10.ミスの話

フィロソフィー

サッカーはミスのスポーツと言っても過言ではありません。どんなにすごい世界的な選手だってミスをします。メッシだってC.ロナウドだってシュートを外します。ドリブルで取られたりパスをミスしたりします。

育成年代でのサッカーは、どれだけ積極的にプレーして、どれだけたくさんミスをするかで成長度合いが決まります。特にサッカーを始めたばかりの幼児や低学年では、ミスを恐れずどんどんチャレンジさせる事が大切です。何がミスで何が成功かの意識もまだ無いでしょうから、この時期にブレーキをかけるような指示や、否定するような言葉がけはNGです。

コーチや親の顔色を伺って、怒られないようにプレーをする。チャレンジしない子どもはその分失敗も少ないでしょうが、自分で考える事、工夫する事もしない。そもそも、楽しくない。
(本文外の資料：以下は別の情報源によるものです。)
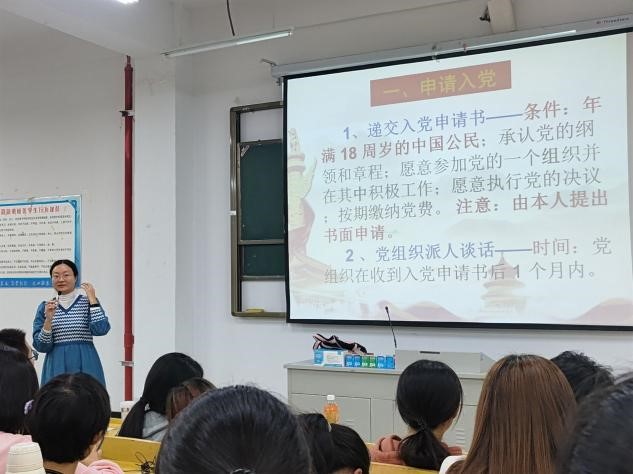 张高桢结合中国共产党党史以及发展学生党员的相关规定,紧紧围绕着中国共产党是一个什么样的政党、我们为什么要加入中国共产党、我们怎样才能加入中国共产党三方面为同学们展开全面且详细的介绍。张高桢强调端正入党动机的重要性和必要性,希望同学们结合所学专业和自身实际不断深化对中国共产党的认识,积极向党组织靠拢。

これでは、何のためにサッカーをやっているのか分かりません。

子どもがシュートを外した時に、コーチが

「どこ見てシュート打ってんだよ!」

と怒ったら、その子どもが

「ゴールを見て打ちました!」

なんて笑い話がありますが、コーチの発する言葉は子どもの心にダイレクトに響きます。

選手が上達するか否かは、コーチの言動にかかっています。試合中に常にミスを指摘するコーチはどうなんでしょう。ミスを指摘するのは一番分かりやすいですよね。

「何やってんだよ!」

「あ~あ、ボール取られた!」

「またミスした!」

「なんでそこから打つんだよ!」

で、遠くからシュートを打って、ゴールが決まったのに怒っているコーチもいますからね。(驚)

私たちコーチは、そのミスがどのタイミングで起きているのかを知る必要があります。

それを知ることで、選手を上達させることができるのです。

一つ一つのプレーには、①観て、②判断して、③実行するという流れがあります。

①観る → ②判断する → ③実行する

①の観る所と②の判断する所でのミスは、目に見えないので分かりにくい。

③の実行する所でのミスは、成功したか失敗したかなので分かりやすい。(例:シュートを外した。パスが通らなかったなど)

そして、実はこの①観る所と②判断の所のミスが8割で③実行のミスは2割とも言われています。

あなたならどちらにアプローチしますか?

失敗したプレーをわざわざ指摘するのではなく、

そもそも観えていたのか?

その判断は良かったのか?

他の選択肢は無かったのか?

を質問することが大切です。

そして、①観る&②判断の所を特に注目し、日々のトレーニングを通して上達させるのです。もちろん、③の実行(技術)のトレーニングも怠りません。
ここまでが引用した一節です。